**PROBLEM TO WORK ON:**
Only the lines from the beginning of the listing below through the line with "Los manifestantes portaban" belong in the answer; please print them exactly and drop the pictures.

##### GIVEN MATERIAL

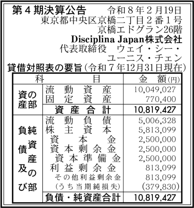 | 会社名 | Disciplina Japan株式会社 |
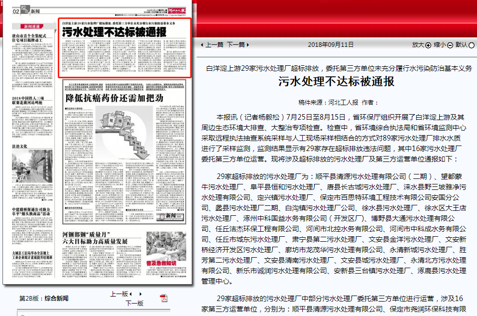 本报讯(记者杨毅松)7月25日至8月15日,省环保厅组织开展了白洋淀上游及其周边生态环境大排查、大整治专项检查。检查中,省环境综合执法局和省环境监测中心采取远程执法抽查系统采样与人工现场采样相结合的方式对89家污水处理厂排水水质进行了采样监测,监测结果显示有29家存在超标排放违法问题,其中16家污水处理厂委托第三方单位运营。现将涉及超标排放的污水处理厂及第三方运营单位通报如下:
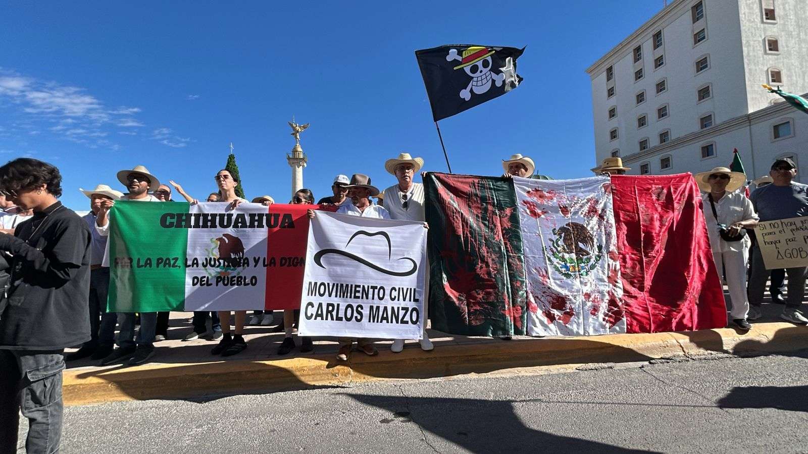 Los manifestantes portaban banderas de México con leyendas como “Chihuahua por la paz, la justicia y la dignidad del pueblo”, así como banderas negras con una calavera y una bandera nacional cubierta de pintura roja simulando sangre.
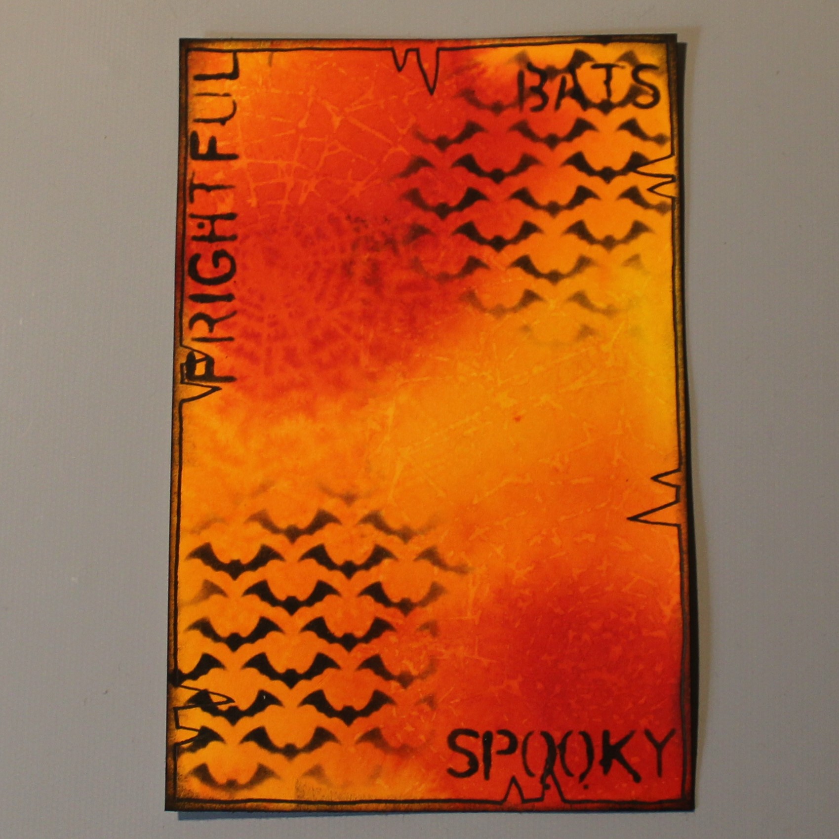 For at lave baggrunden har jeg sprayet lidt vand på mit karton efterfulgt af de 4 farver jeg havde valgt. Derefter tørrede jeg det med min køkkenrulle, som jeg bare ruller over mit kort (hele Rullen). Derefter gav jeg det en gang mere med mine farver og tørrede det med min varmepistol. Jeg har sprayet min spindelvævsstencil med vand, lagt den på kortet, løftet den af, ladet vandet blive i 10-15 sekunder og rullet med min køkkenrulle for at løfte farven af. teknikken kaldes ghosting og den er jeg meget stor fan af. Flagremusene og teksten er lavet med stencils fra samme sæt og distress ink. Kanten udenom er tegnet med en Dylusions paint pen.

##########

**THE COMPLETED TASK:**
 | 会社名 | Disciplina Japan株式会社 |
 本报讯(记者杨毅松)7月25日至8月15日,省环保厅组织开展了白洋淀上游及其周边生态环境大排查、大整治专项检查。检查中,省环境综合执法局和省环境监测中心采取远程执法抽查系统采样与人工现场采样相结合的方式对89家污水处理厂排水水质进行了采样监测,监测结果显示有29家存在超标排放违法问题,其中16家污水处理厂委托第三方单位运营。现将涉及超标排放的污水处理厂及第三方运营单位通报如下:
 Los manifestantes portaban banderas de México con leyendas como “Chihuahua por la paz, la justicia y la dignidad del pueblo”, así como banderas negras con una calavera y una bandera nacional cubierta de pintura roja simulando sangre.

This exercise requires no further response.